§ Problem description
Among the entries below, which lines include the string "Front"? Show each one.

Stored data
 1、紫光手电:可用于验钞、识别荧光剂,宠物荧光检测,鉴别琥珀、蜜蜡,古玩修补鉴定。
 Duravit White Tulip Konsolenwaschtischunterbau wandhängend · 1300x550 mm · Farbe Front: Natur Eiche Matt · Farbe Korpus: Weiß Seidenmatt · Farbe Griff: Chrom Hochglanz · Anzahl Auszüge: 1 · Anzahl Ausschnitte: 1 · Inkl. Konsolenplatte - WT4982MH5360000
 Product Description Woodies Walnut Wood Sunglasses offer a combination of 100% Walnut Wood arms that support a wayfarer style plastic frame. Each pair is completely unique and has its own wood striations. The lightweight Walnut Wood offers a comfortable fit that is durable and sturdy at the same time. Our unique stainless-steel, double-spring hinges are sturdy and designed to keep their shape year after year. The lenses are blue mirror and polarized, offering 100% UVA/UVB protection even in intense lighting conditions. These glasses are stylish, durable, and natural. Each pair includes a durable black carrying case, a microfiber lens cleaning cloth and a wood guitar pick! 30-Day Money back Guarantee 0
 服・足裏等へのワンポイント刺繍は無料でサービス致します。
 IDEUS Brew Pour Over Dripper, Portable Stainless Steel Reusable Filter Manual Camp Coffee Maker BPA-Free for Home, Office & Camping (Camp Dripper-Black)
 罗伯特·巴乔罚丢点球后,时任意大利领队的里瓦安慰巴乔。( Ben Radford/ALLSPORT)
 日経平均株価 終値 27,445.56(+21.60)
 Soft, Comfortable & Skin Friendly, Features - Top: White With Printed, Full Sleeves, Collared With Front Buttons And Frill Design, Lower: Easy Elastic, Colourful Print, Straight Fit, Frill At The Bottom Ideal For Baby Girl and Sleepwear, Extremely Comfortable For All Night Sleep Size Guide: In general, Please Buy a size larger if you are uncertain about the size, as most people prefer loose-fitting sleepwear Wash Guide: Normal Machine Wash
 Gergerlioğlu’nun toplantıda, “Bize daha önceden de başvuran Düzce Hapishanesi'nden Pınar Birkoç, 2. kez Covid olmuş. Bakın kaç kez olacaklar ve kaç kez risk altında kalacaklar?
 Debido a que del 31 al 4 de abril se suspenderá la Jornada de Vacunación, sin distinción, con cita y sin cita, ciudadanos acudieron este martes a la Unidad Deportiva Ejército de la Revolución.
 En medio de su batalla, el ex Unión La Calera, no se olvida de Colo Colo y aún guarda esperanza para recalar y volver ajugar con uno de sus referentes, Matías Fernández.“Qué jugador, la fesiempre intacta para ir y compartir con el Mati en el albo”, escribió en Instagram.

§ Solution
 Duravit White Tulip Konsolenwaschtischunterbau wandhängend · 1300x550 mm · Farbe Front: Natur Eiche Matt · Farbe Korpus: Weiß Seidenmatt · Farbe Griff: Chrom Hochglanz · Anzahl Auszüge: 1 · Anzahl Ausschnitte: 1 · Inkl. Konsolenplatte - WT4982MH5360000
 Soft, Comfortable & Skin Friendly, Features - Top: White With Printed, Full Sleeves, Collared With Front Buttons And Frill Design, Lower: Easy Elastic, Colourful Print, Straight Fit, Frill At The Bottom Ideal For Baby Girl and Sleepwear, Extremely Comfortable For All Night Sleep Size Guide: In general, Please Buy a size larger if you are uncertain about the size, as most people prefer loose-fitting sleepwear Wash Guide: Normal Machine Wash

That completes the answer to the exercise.